Креонту, который способен лишь повторять ей уже навязший в зубах аргумент всех человеческих культур: «Честь разная для добрых и для злых» (хотя чуть раньше он признавался, что братья неразличимы между собой), Антигона отвечает: «Благочестиво ль это в царстве мертвых?» (то есть вот это различие, которое ты делаешь между добрыми и злыми).
Этот стих подразумевает то, о чем Евангелия скажут открытым текстом, если божество существует, оно не может интересоваться спорами двойников.
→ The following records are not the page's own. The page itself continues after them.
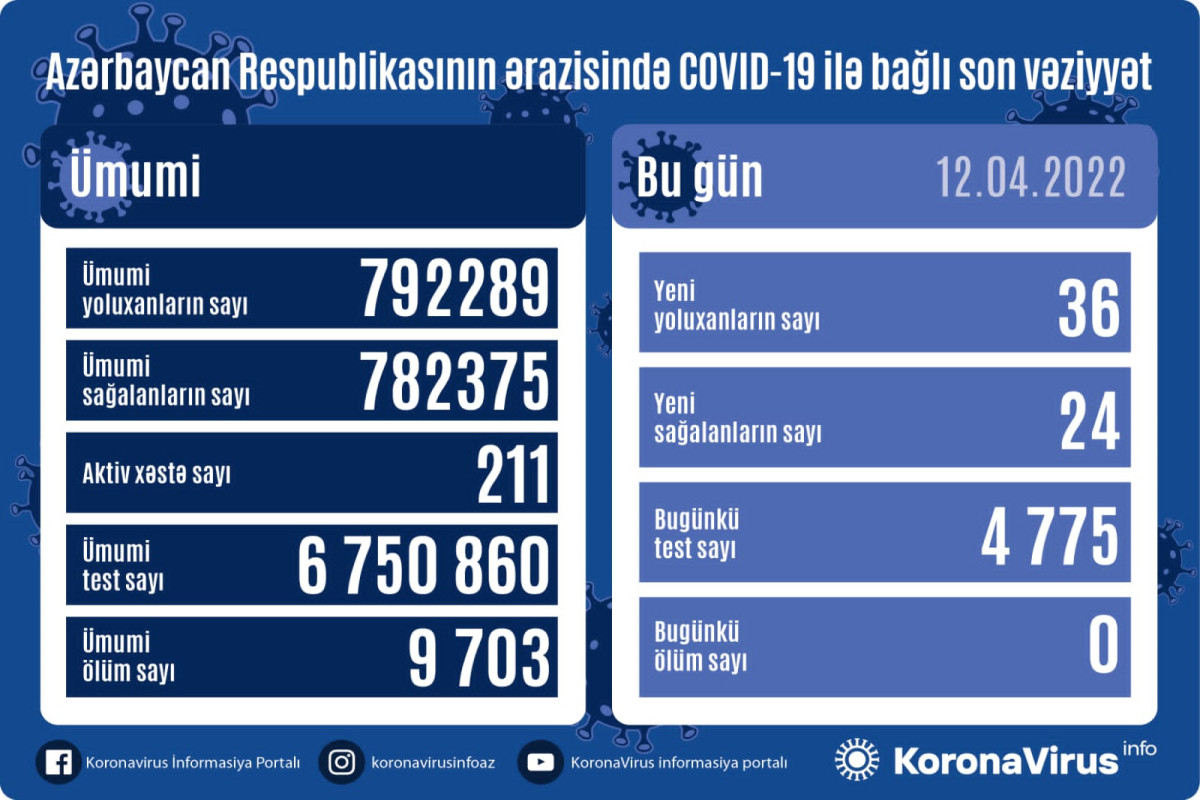 Məlumata görə, COVID-19 üçün götürülən analiz nümunələri müsbət çıxmış şəxslər arasında vəfat edən olmayıb.
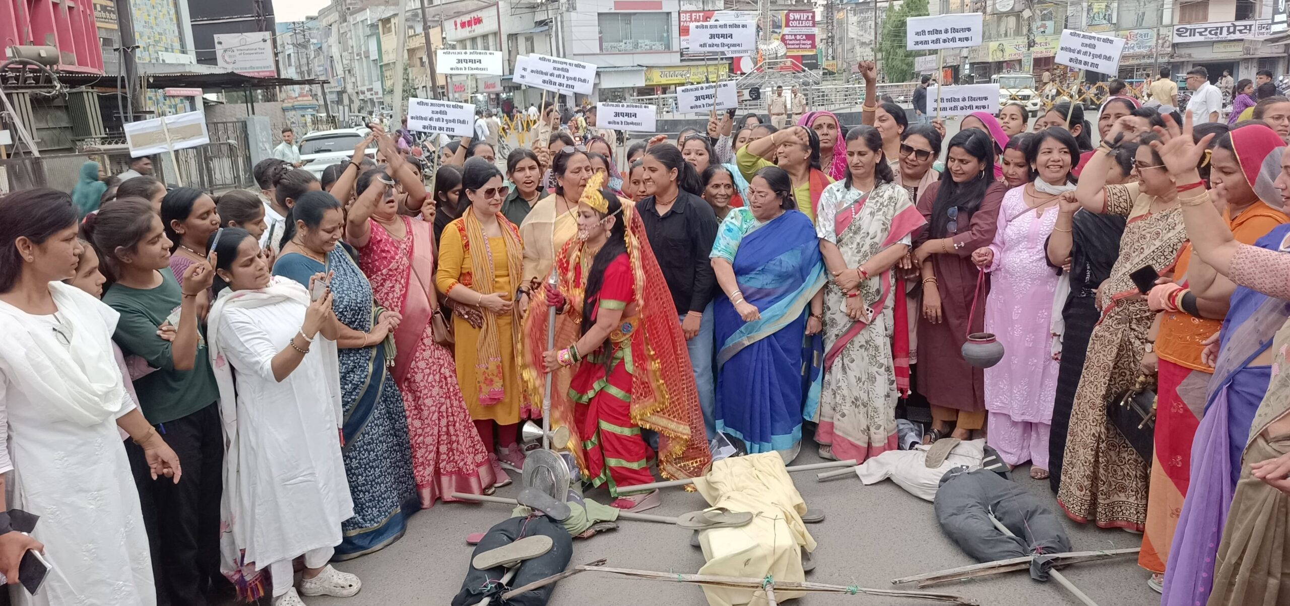 पदयात्रा जब सूचना केंद्र स्थित बजरंगी चौराहे पहुंची, तो वहां प्रदर्शन के दौरान मां दुर्गा का रूप धारण किए महिला ने इन पुतलों का त्रिशूल से ‘संहार’ किया, जो नारी शक्ति के क्रोध का प्रतीक बना। आक्रोश की पराकाष्ठा तब देखने को मिली जब महिलाओं ने उन पुतलों को चौराहे पर रखे कूड़ेदान में डाल दिया। महिलाओं ने दो टूक शब्दों में कहा कि महिला सम्मान और अधिकारों के प्रति सड़ी-गली मानसिकता रखने वाले नेताओं की सही जगह कूड़ेदान ही है।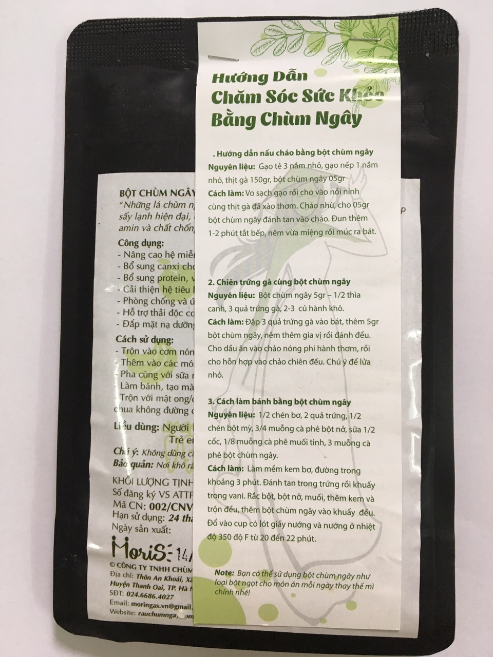 Những lá chùm ngây tươi được làm sạch và xử lý bằng phương pháp sấy lạnh hiện đại, giúp giữ nguyên hàm lượng dinh dưỡng, các vitamin và khoáng chất trong chùm ngây và có thể bảo quản trong thời gian dài mà không cần thêm bất kỳ chất phụ gia nào.
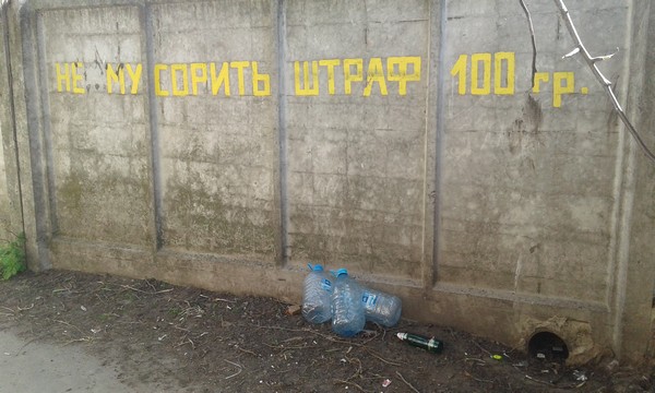 У провулку, який веде до річкового порту напис: не мусорить – штраф 100 грн. І відразу під цим парканом пуста пластмасова тара і пляшка з-під пива. Натюрморт виглядав як знущання.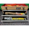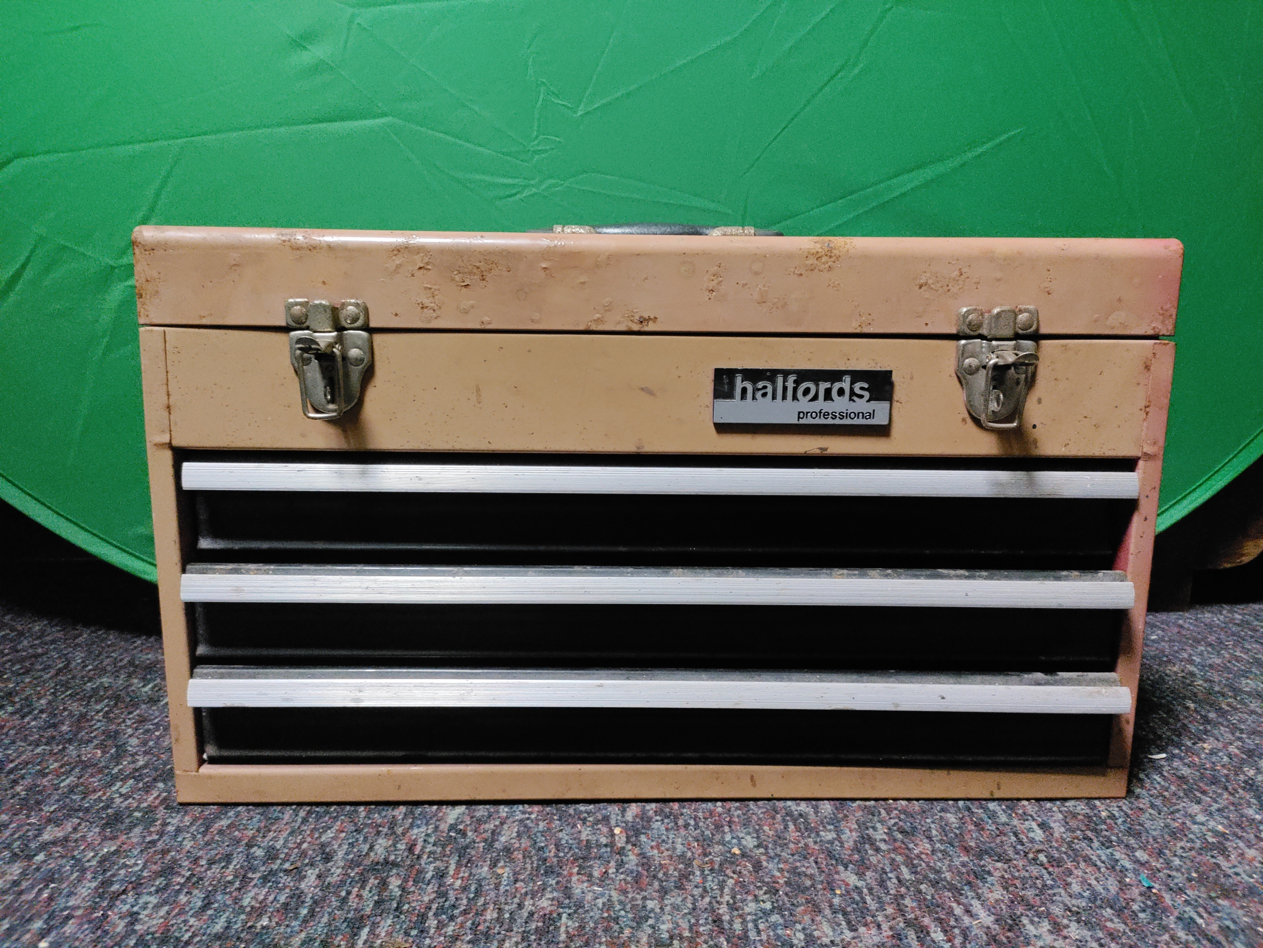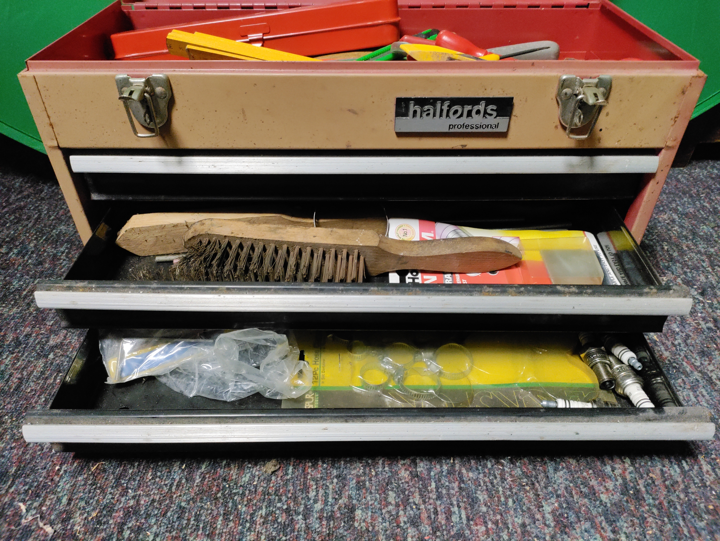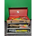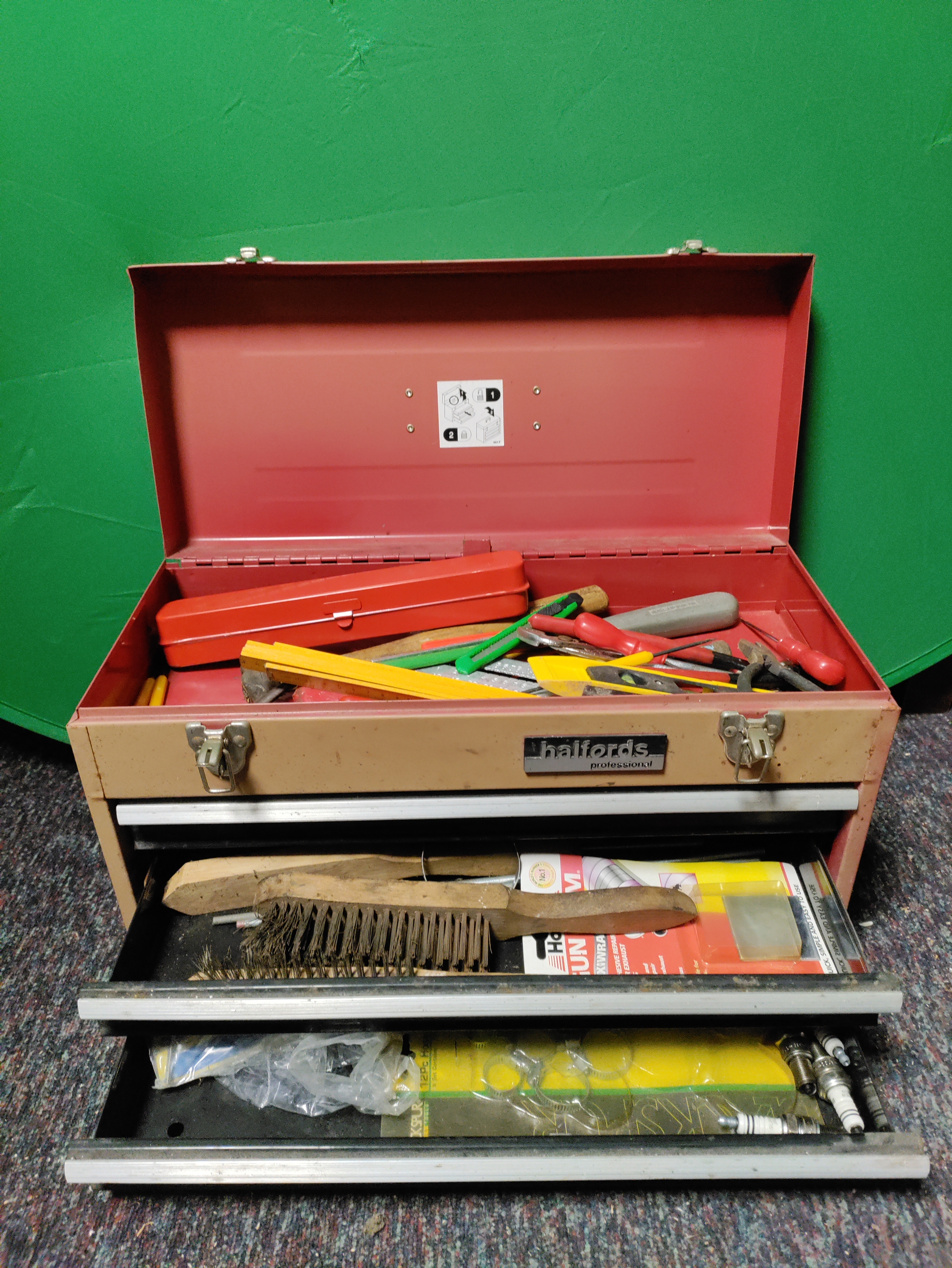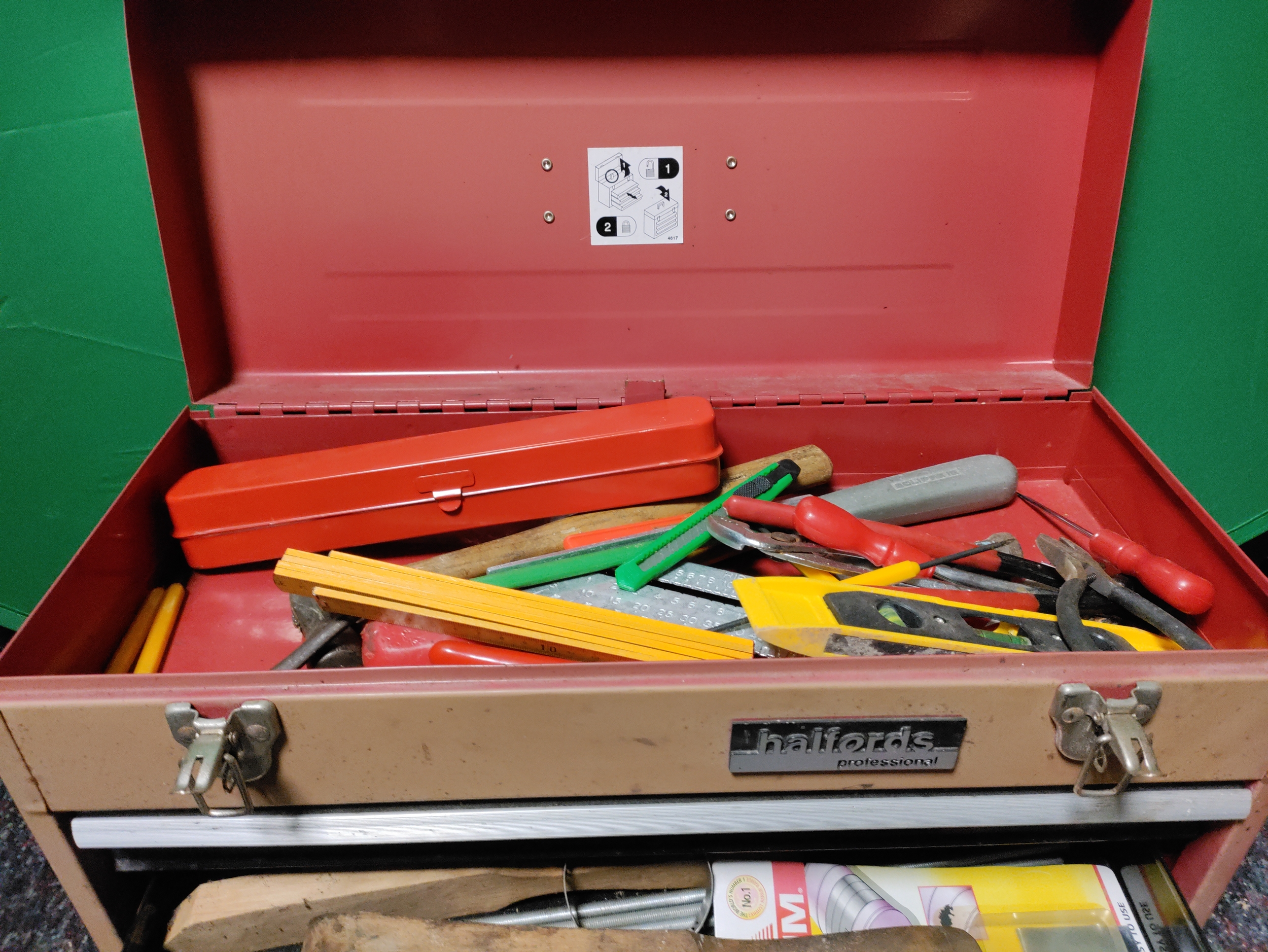 A metal Halfords professional tool box with tools. (H 30 cm x W 51 cm x D 23 cm)

Как бы ни был замечателен текст Софокла, высоты текста о суде Соломона, по-моему, он все же не достигает. Антигона выражает свои протест против того, что Креонт отказывает Полинику в ритуальных погребальных почестях. Она соглашается умереть не ради живого ребенка, как добрая блудница из Книги Царств, а ради уже умершего человека: и потому тексту Антигоны труднее ускользнуть от жертвенной интерпретации, чем тексту о Соломоне. Различие между текстом трагедии и текстом Библии может определить только Евангелие. Только в свете трагедии становятся понятными слова: «Предоставь мертвым погребать своих мертвецов» (Мф 8:22).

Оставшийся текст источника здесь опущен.